Il est là, allongé sur son lit, une jambe en moins. Il ne peut pas se lever, juste tourner dans son lit à la force de ses bras.
Cela fait 2 ans qu’il apprend à avoir besoin des autres pour pouvoir s’occuper de son intimité. Comme un enfant qui a besoin de sa mère, il est sans cesse obliger d’appeler lorsqu’il n’est pas dans son environnement habituel.
Il est à l’hôpital depuis 2 jours. Il a du mal à respirer et il a cru mourir. Il est donc arrivé aux urgences où ils ont découverts deux grosses masses dont une qui comprimait sa bronche.

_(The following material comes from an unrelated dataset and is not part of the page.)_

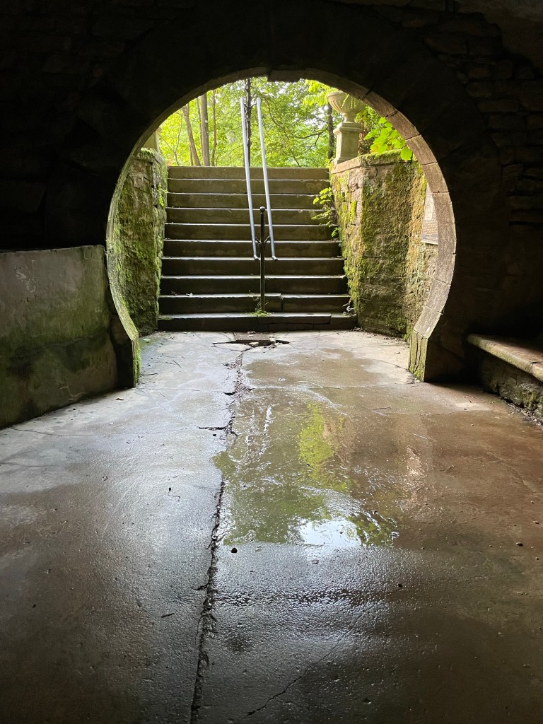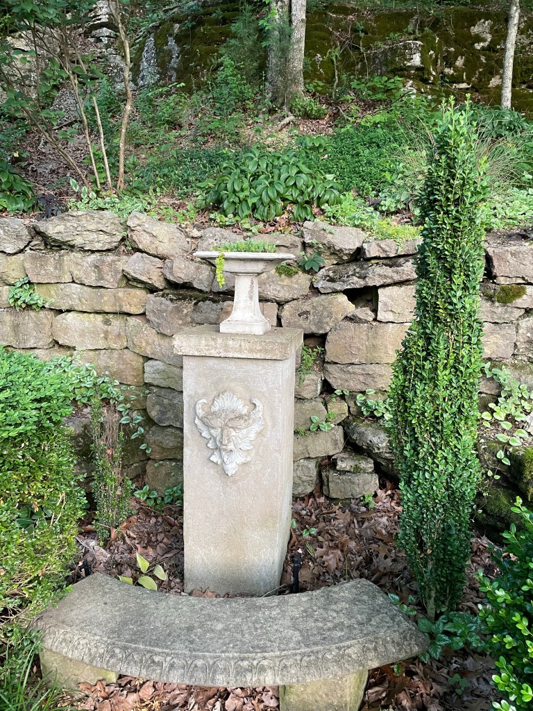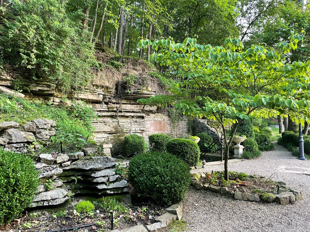 Crescent Spring gazebo hides behind trees as you approach it.But the reveal is entrancing.Historical marker records a capsule of the spring’s history.A stone marker complements the plaque.One of the pillars’ foundations recalls the gazebo renovation ten years ago.

Voilà pourquoi l’air ne passait plus … Le crabe présent dans sa jambe il y a deux ans est venu se loger dans ses poumons. Tapi sous un rocher, attendant la bonne vague pour sortir et attraper sa proie, il était planqué là depuis le début.

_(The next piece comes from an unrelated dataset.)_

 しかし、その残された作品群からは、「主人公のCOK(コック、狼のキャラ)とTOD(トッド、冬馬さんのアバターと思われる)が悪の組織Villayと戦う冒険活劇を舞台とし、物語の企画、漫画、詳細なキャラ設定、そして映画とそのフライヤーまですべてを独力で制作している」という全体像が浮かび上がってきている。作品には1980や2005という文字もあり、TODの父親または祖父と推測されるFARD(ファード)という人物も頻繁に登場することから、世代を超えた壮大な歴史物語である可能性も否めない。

Quel combat vain. Perdre une jambe pour rien. Si au moins le crabe était resté dans la jambe. Mais il a dû sauter durant l’opération et le chirurgien ne l’a pas vu. C’est malin ces petites bêtes.
Quand je rentre, il est désolé. Désolé de m’offrir en spectacle son urinal sur sa table, à côté de son sac à main, de son portable, de son orange et de sa bouteille d’eau. C’est avec des trémolos dans la voix qu’il se demande comment il en est arrivé là. Sa dignité en prend un coup. Voir cette urine enfermée dans ce bocal, posé sur la table où il mange, ça le dégoûte. Ce qui le dégoute le plus en fait, c’est de ne plus pouvoir maitriser l’image qu’il donne de lui. Tout le monde peut voir qu’il a pissé et qu’il attend que quelqu’un vienne débarrasser ce qui ressemble à une énorme chope de bière.

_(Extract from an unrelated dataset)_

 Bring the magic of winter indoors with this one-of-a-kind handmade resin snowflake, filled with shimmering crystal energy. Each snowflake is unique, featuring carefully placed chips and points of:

Il s’excuse encore et encore et se demande comment les hôpitaux ne sont pas plus sensibles que ça à ces détails. Comment les soignants valides et autonomes ne se rendent pas compte que CE détail est LE détail qui le fait le plus souffrir.
Mais comment lui dire, que pris dans la tourmente hospitalière et l’habitude, un urinal plein d’urines est pour un soignant la même chose qu’une chope posée sur un bar. Comment lui faire comprendre que c’est de l’ordre de la normalité et que parfois ça ne dérange plus personne de voir des urines près des affaires personnelles. C’est un quotidien … rien de plus qu’un quotidien.
L’homme a cette capacité à s’habituer à tout, surtout quand c’est insupportable. Un rempart de protection pour continuer d’avancer.
Allez, je me ressers, vous m’en remettez une deuxième pour la route …
Cynthia
Défi N°2, article 1/30
4 Comments
Bonjour Cylie,
Merci pour cette fiche et pour les autres, c’est très émouvant…
Merci à toi de partager tout ça !
La communication libère c’est certain, elle apaise, elle dissout les barrière.
ça me fait penser aux livres de Lise Bourbeau sur la Guérison des blessures de l’âme.
J’en ai fait un résumé sur mon blog 😉
Bonne continuation à toi,
Damien
Ondes et Santé.com
Merci de ton petit mot Damien….
Il n’y a pas de mots…. percutant…
Un 1er janvier, il n’est pas bon d’être à l’hôpital, je rentre dans cette chambre pour visiter mon amoureux, Mon choc!!! Un urinal plein sur chaque adaptable, c’est une chambre à 2 lits, les draps sont plein de sang et malgré lepassage d’un ide et de 2 aides soignantes venus 3 fois durant ma visite rien ne change, je repars triste, pas de colère, il était ravi de la gentillesse et de la disponibilité du personnel !!! Il n’a pas pu se laver les dents car venu par les urgences il n’avait pas d’affaires de toilette, il n’y a plus de brosses à dents et il avait une barbe de 3 jours !!! Finalement j’étais triste et choquée, mon œil d’aide soignante sans doute !!! Mais il était gai et souriant !!! Vite qu’il rentre chez lui !!!!